Hey you guys. Can’t you just layoff of all of this statistical bs! Clearly you just don’t understand climate science. Come on over to RC and discuss these issues there if you really want to address these climate science issues!

What is really p…..g me off is that these silly questions you guys are asking are making it harder for me to get my grants. How would you feel if the income you need to feed your wife and kids is threatened? Hey?

8. John Lish
Posted Oct 26, 2006 at 8:13 AM | Permalink

#7 – is this a wind up? I suspect so.

9. bender
Posted Oct 26, 2006 at 8:16 AM | Permalink

Self-Concerned Climate Scientist: where exactly is the “statistical bs” that we should lay off of?

10. bender
Posted Oct 26, 2006 at 8:42 AM | Permalink

Re #7

Come on over to RC and discuss these issues there

My place or yours?

Jokes aside. I’ve posted two good questions in the past at RC (on the statistics of hurricane trends and on the constrainedness of GCM parametrization) and gotten next to nothing in reply. What little I got indicated a heads-in-the-sand/maintain-the-consensus attitude towards climate science. At CA you can actually generate a discussion and learn something. Example: Dr. Judith Curry and Dr. Isaac Held at CA provided answers to my questions that could not be gotten over at Consensus-Keepers.

Consensus-keeping is inherently anti-scientific. But as you point out: it’s good for Climate Science Inc.

Stick around and ask a question, or comment on a post. You might actually learn something. Or maybe you have something to teach us? What’s your take on bcp’s, Yamal, extrapolative RegEM, confidence interval estimation, and the like?

11. Mark T
Posted Oct 26, 2006 at 4:16 PM | Permalink

Self-Concerned Climate Scientist: where exactly is the “statistical bs” that we should lay off of?

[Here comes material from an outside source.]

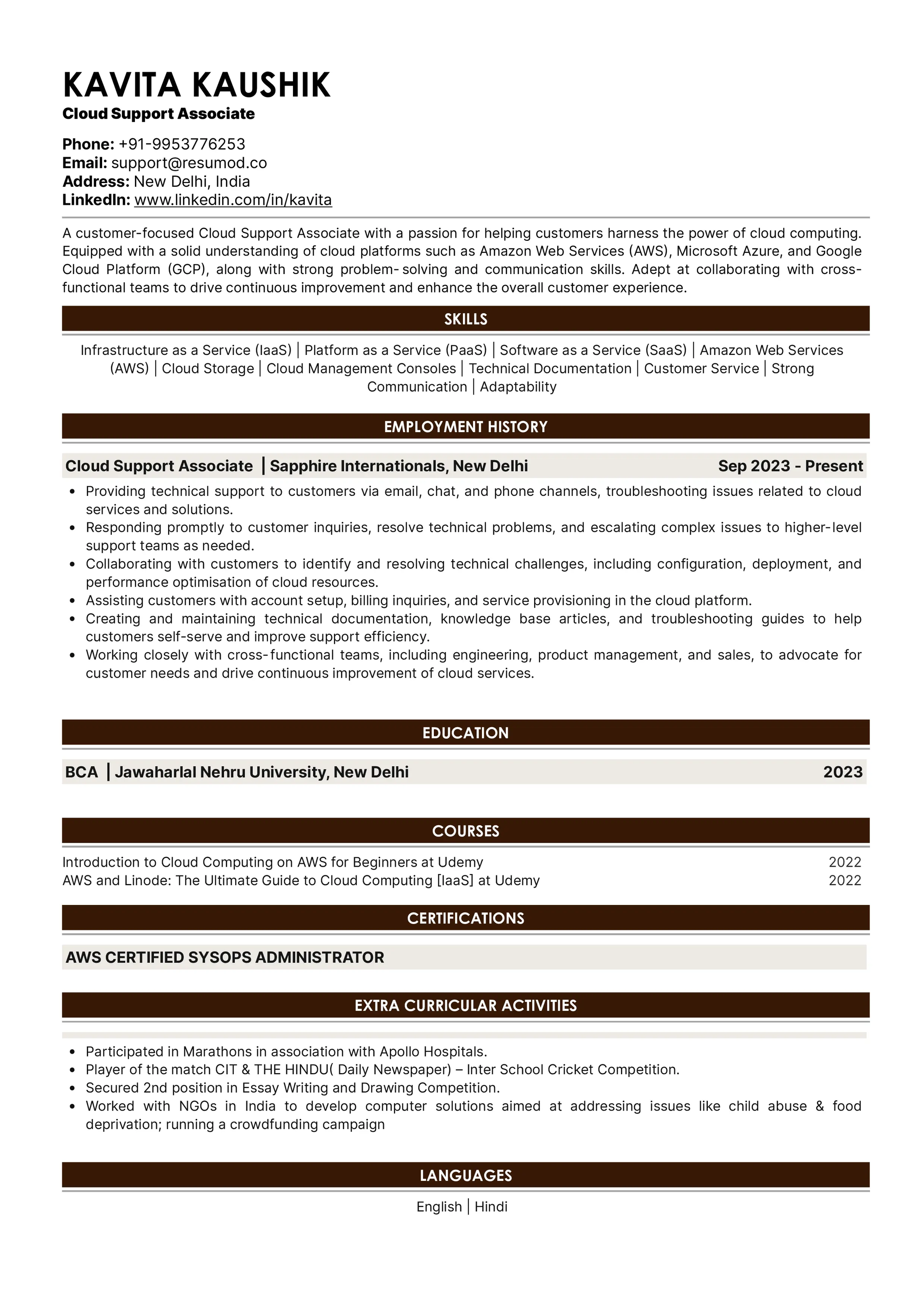 Resume of Cloud Support Associate
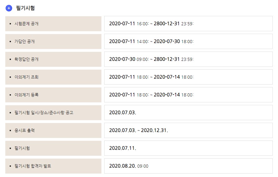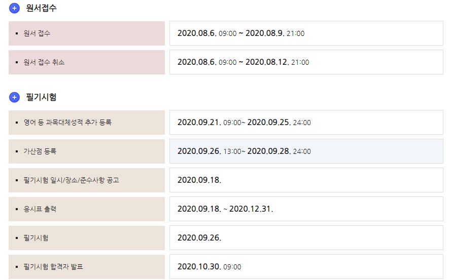 이후 시험일정이 변경되어 1회 시험이 필기시험은 동일한데 필기시험 합격자 발표일이 지연되면서 면접시험은 8월 24일부터 9월2일까지로 미뤄졌습니다. 최종 합격자 발표일도 9월 18일로 변경되었습니다.

I think that post was intentionally facetious.

Mark

12. Ken Fritsch
Posted Oct 26, 2006 at 4:52 PM | Permalink

Examination of the NGDC data base indicates that the original
Esper et al. reconstruction appears to be from the Boniface site. A record from
nearby St. Anne also shows many similarities to Boniface (r=0.66), extends closer in time to the present, but is also slightly shorter (the Boniface/St. Anne correlation is 0.70).

Willis E thanks much for your comments on the quoted parts of the paper. When I first read Steve M’s quotes from this paper, I am thinking is it me or does the approach in this paper just seem a bit loosey/goosey. When I read the above excerpt I was getting confused thinking Steve M had put some of his own comments in quotes.

Mackenzie Delta: The original time series (Szeicz and MacDonald 1995) provided by Esper et al. only had a 0.04 correlation with the 1880-1960 decadal average of NH temperature…We nevertheless included this site for the sake of completeness and in order to include as many long sites as possible.

That one really bothered me.

13. Tim Ball
Posted Oct 26, 2006 at 9:12 PM | Permalink

#5: It appears this is another example where the 43 Wegman identified as co-authoring together are also peer reviewing each others papers. Sadly we will not know because reviewers are not identified – a practice that has to change. Good work Willis.

14. A. Fritz
Posted Oct 27, 2006 at 11:50 AM | Permalink

I know this has been talked about before – the idea of having a “statistics reviewer” on every paper. If you guys had to design a way for that to work for any given journal, how would you suggest?

Also, a very well known scientist in the mesoscale meteorology world (at least, I respect him and his science very much) has written his own “review” of the peer review process here, I think some of you might be interested to read it.